A comparison of the government’s budget data reveals another chapter of institutional apathy. Last year, the federal government allocated a meagre Rs8.30 billion for Karachi’s mega development projects. This year, after slight adjustments, the amount has been increased to Rs11.19 billion. Power circles in Islamabad and Sindh may celebrate this nominal rise of less than three billion rupees as a grand favour to Karachi, but for a city of more than 25 million people, the amount remains a cruel joke bordering on petty charity.
According to official papers, these funds are earmarked for 11 mega projects, including the construction of the Power House Chorangi Flyover in North Karachi and the 4-K Chorangi Flyover in Surjani Town, alongside the rehabilitation of eight critical roads, including Haji Ibrahim Isa Road, Korangi Link Road and Baldia Stadium Road. While this list may appear alluring on paper, it raises a larger systemic and political question.
Karachi’s citizens are no longer fooled by these paper lollipops. The public demands to know why the Muttahida Qaumi Movement, which enjoyed decades of power and representation on the back of this city, failed to look back at it. Why does this economic hub resemble ruins today despite its prolonged political dominance? On the other hand, the Pakistan Peoples Party has ruled the province for consecutive terms, yet whenever development was delivered, it catered not to the common man but to preferred elite circles and feudal interests.
Why do these political actors, who sweep the largest share of revenue and votes from Karachi, turn deaf and mute to the city’s rights the moment they step into the corridors of power in Islamabad and Sindh? The unspoken truth is that a Karachiite does not merely pay taxes on utility bills and fuel; they also pay an exorbitant secondary premium to private tanker mafias for basic water because of administrative failure.

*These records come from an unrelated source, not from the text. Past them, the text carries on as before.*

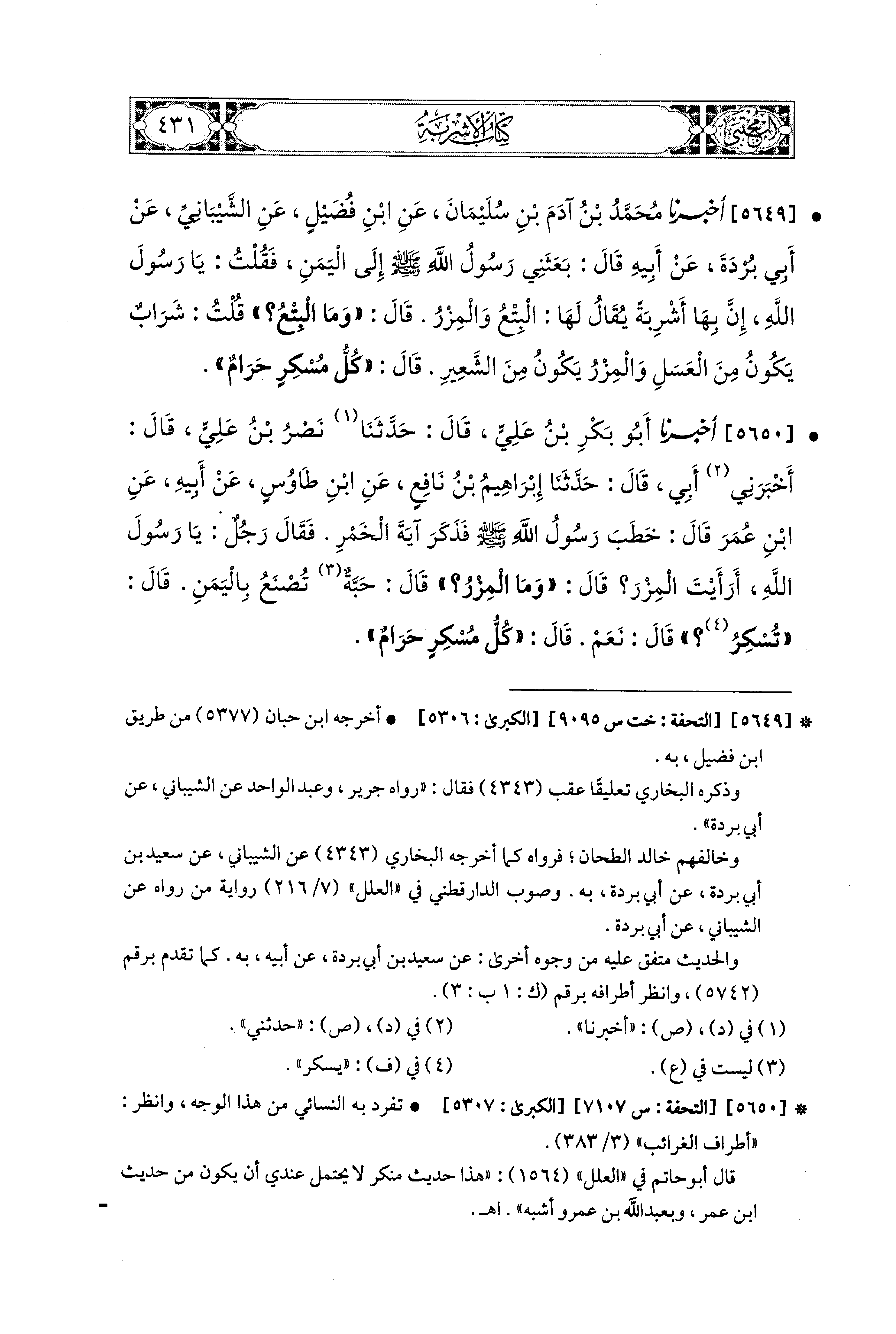 5649- أَخبَرَنا مُحَمد بنُ آدَمَ بْنِ سُلَيمَانَ، عَنِ ابنِ فُضَيْلٍ، عَنِ الشَّيْبَانِيِّ، عَن أَبي بُرْدَةَ، عَن أَبيهِ، قَالَ: بَعَثَنِي رَسُولُ اللهِ صَلى الله عَليه وسَلم إِلَى اليَمَنِ، فَقُلْتُ: يَا رَسُولَ اللهِ، إِنَّ بِهَا أَشْرِبَةً يُقَالُ لَهَا: البِتْعُ وَالمِزْرُ، قَالَ: وَمَا البِتْعُ؟ قُلْتُ: شَرَابٌ يَكُونُ مِنَ العَسَلِ، وَالمِزْرُ: يَكُونُ مِنَ الشَّعِيرِ، قَالَ: كُلُّ مُسْكِرٍ حَرَامٌ.
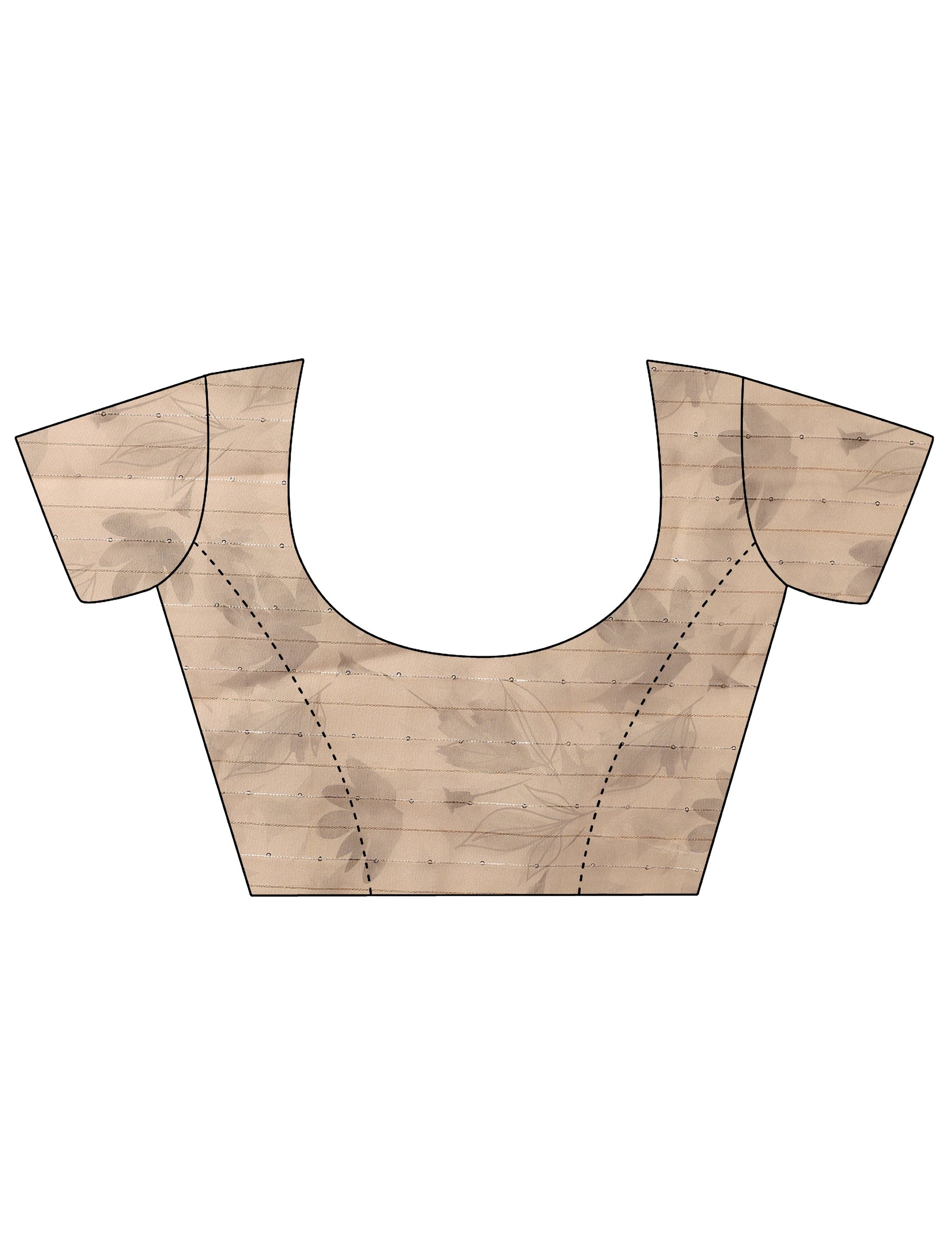 Our beige printed nylon saree features captivating floral print. Complemented with a unstitched blouse Piece. This charming saree is perfect for festive occasions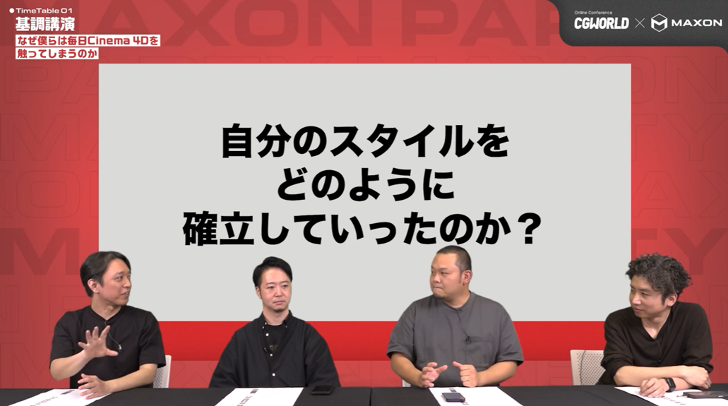 横原:では、ここからのトークテーマは「Cinema 4Dに触れ続ける中で感じた自分のスタイル」です。皆さんの最初の出会いから今のスタイルに至るまで、どんな変遷があったのかを聞いていきたいです。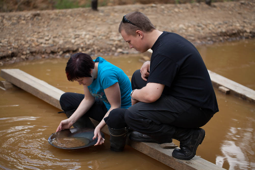 Kultamuseon virvokkeiden jälkeen nuoret kokeilivat vaskaamistakin. Pienen korundin poika taisi onnistua löytämäänkin. Pitää vielä käydä näyttämässä jossain… Ei liene kuitenkaan kyse kovin merkittävästä varallisuuden lisääntymisestä moisen löydön jälkeen. Mutta onpahan homma kokeiltu.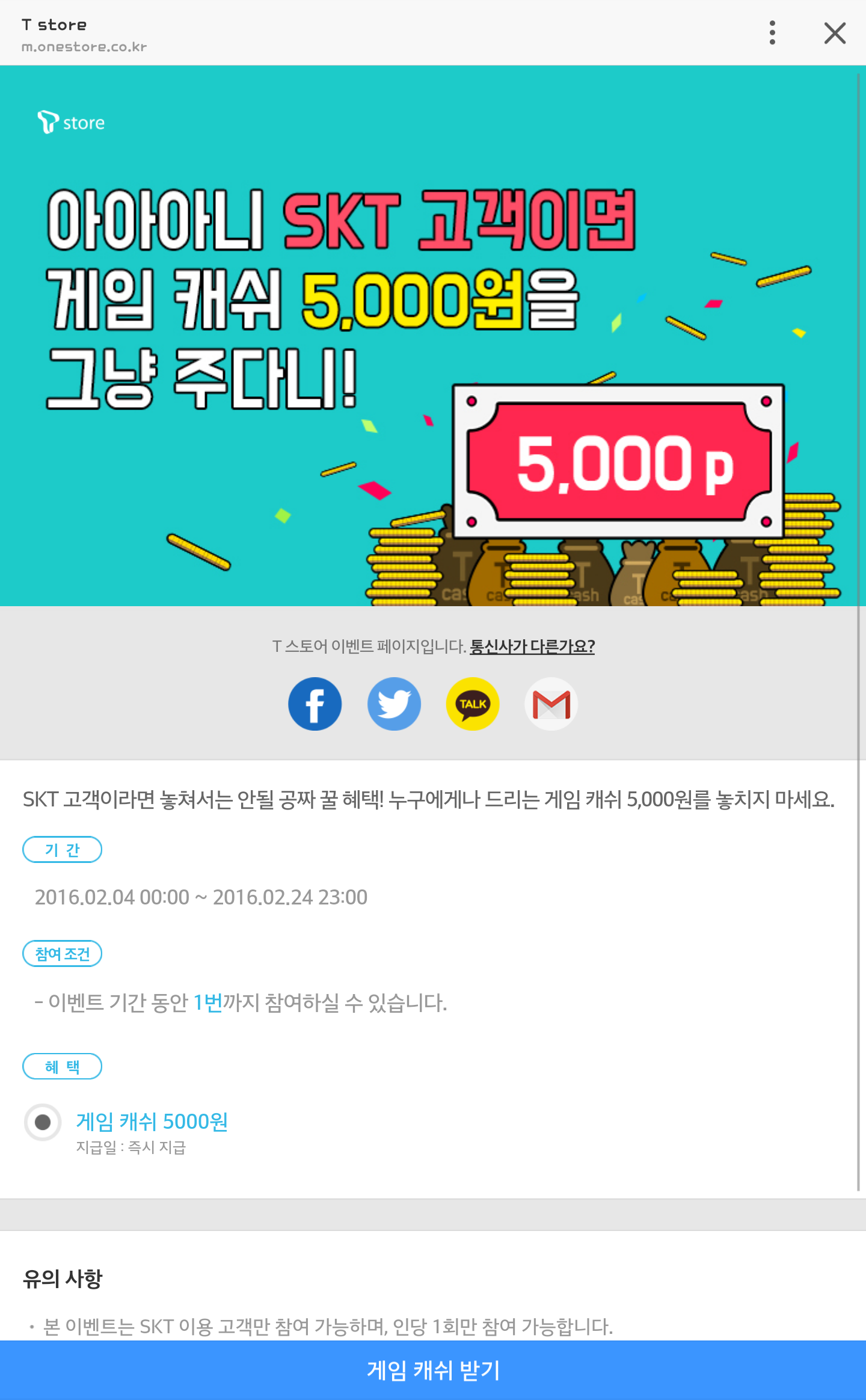 [T스토어] 게임캐쉬 5000 받으세요(SKT회원) > 이벤트게시판

While the city requires 1.2 billion gallons of water daily, it is officially supplied with only 650 million gallons. To quench this thirst, the vital K-IV water project, conceived in 2002 at an initial cost of Rs25 billion, has ballooned to more than Rs224 billion because of state incompetence, pushing its December 2026 deadline further towards 2029.
Meanwhile, middle-class youth continue to pay an undocumented street tax to armed robbers every single day. Official data from the Citizens-Police Liaison Committee reveals that, in just one month, more than 3,500 motorcycles, 150 vehicles and 1,400 mobile phones were snatched at gunpoint, with resistance often costing young men their lives.
This is not merely the failure of an economic survey. It is the economic strangulation of a city. The political actors who constantly boast about the 18th Constitutional Amendment and the National Finance Commission Award must answer why funds released in Karachi’s name never trickle down to the municipal level or the streets of the poor. Whether it is the Rs8 billion of last year or the Rs11.19 billion of this year, the amount is not a healing balm on Karachi’s wounds; it is an insult.